▶ [WHAT IS REQUIRED]: Please return the data word for word and leave out any picture it contains.

=== DATA BLOCK ===

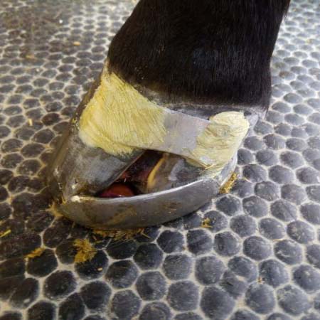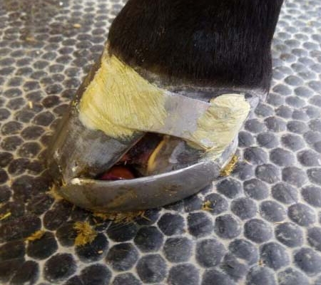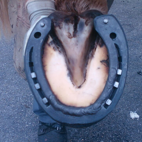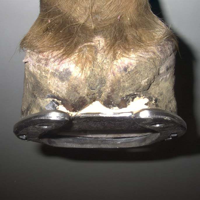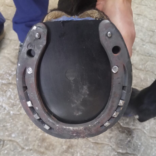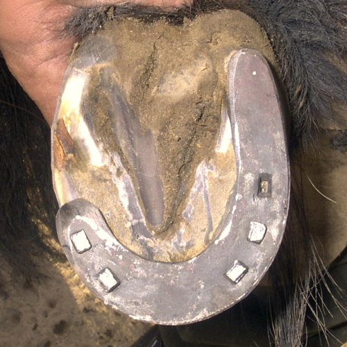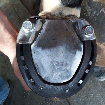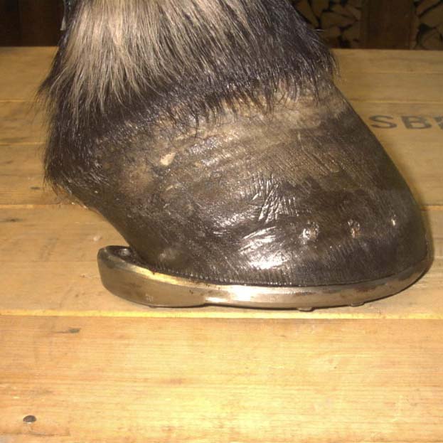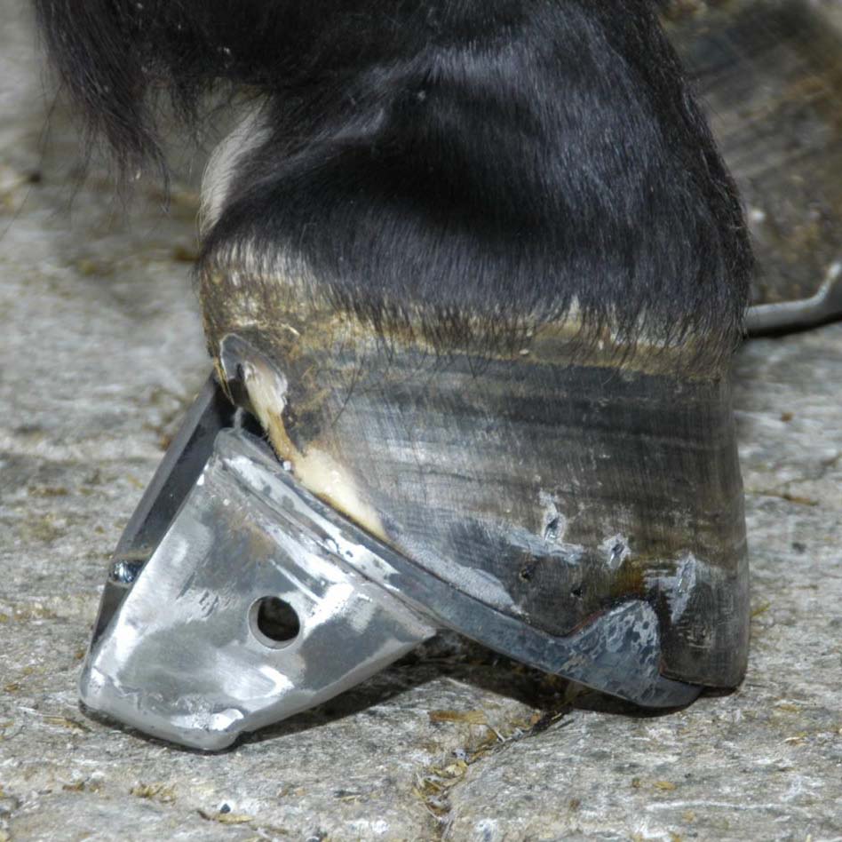 Zehenkappe am Pferd das schleift Dieses Hufeisen mit extrem grosser Zehenklappe wurde für Pferde mit akutem Spat verwendet.
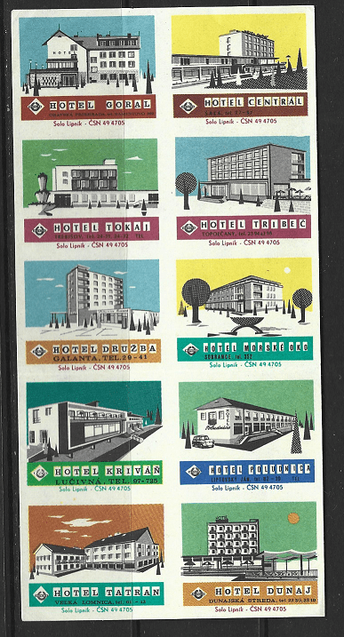 Набор иностранных спичечных этикеток. Отели, 10 штук
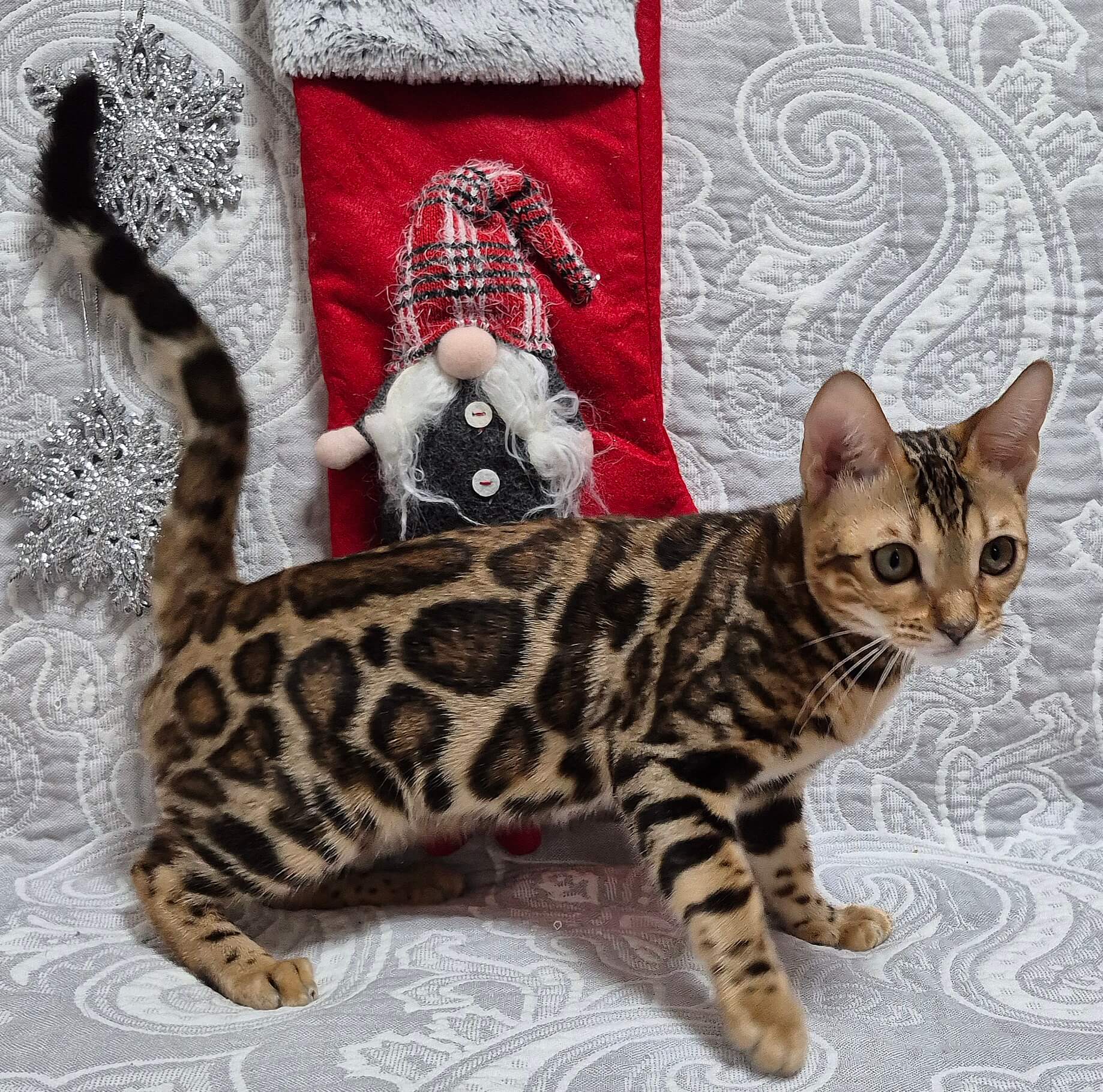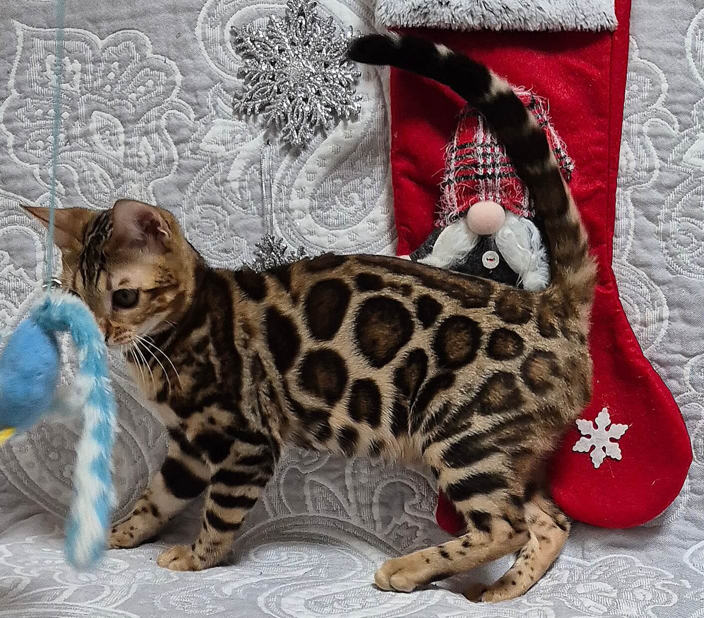 Meet Cori, an exquisite female Bengal kitten with striking black tabby spotted markings and captivating yellow eyes. Born on June 13, 2025, Cori is of show quality and boasts champion bloodlines, making her a standout choice for both companionship and show. She will be ready to leave her breeder’s care on October 13, 2025.

===

▶ [RESPONSE TO THE EXERCISE]:
 Zehenkappe am Pferd das schleift Dieses Hufeisen mit extrem grosser Zehenklappe wurde für Pferde mit akutem Spat verwendet.
 Набор иностранных спичечных этикеток. Отели, 10 штук
 Meet Cori, an exquisite female Bengal kitten with striking black tabby spotted markings and captivating yellow eyes. Born on June 13, 2025, Cori is of show quality and boasts champion bloodlines, making her a standout choice for both companionship and show. She will be ready to leave her breeder’s care on October 13, 2025.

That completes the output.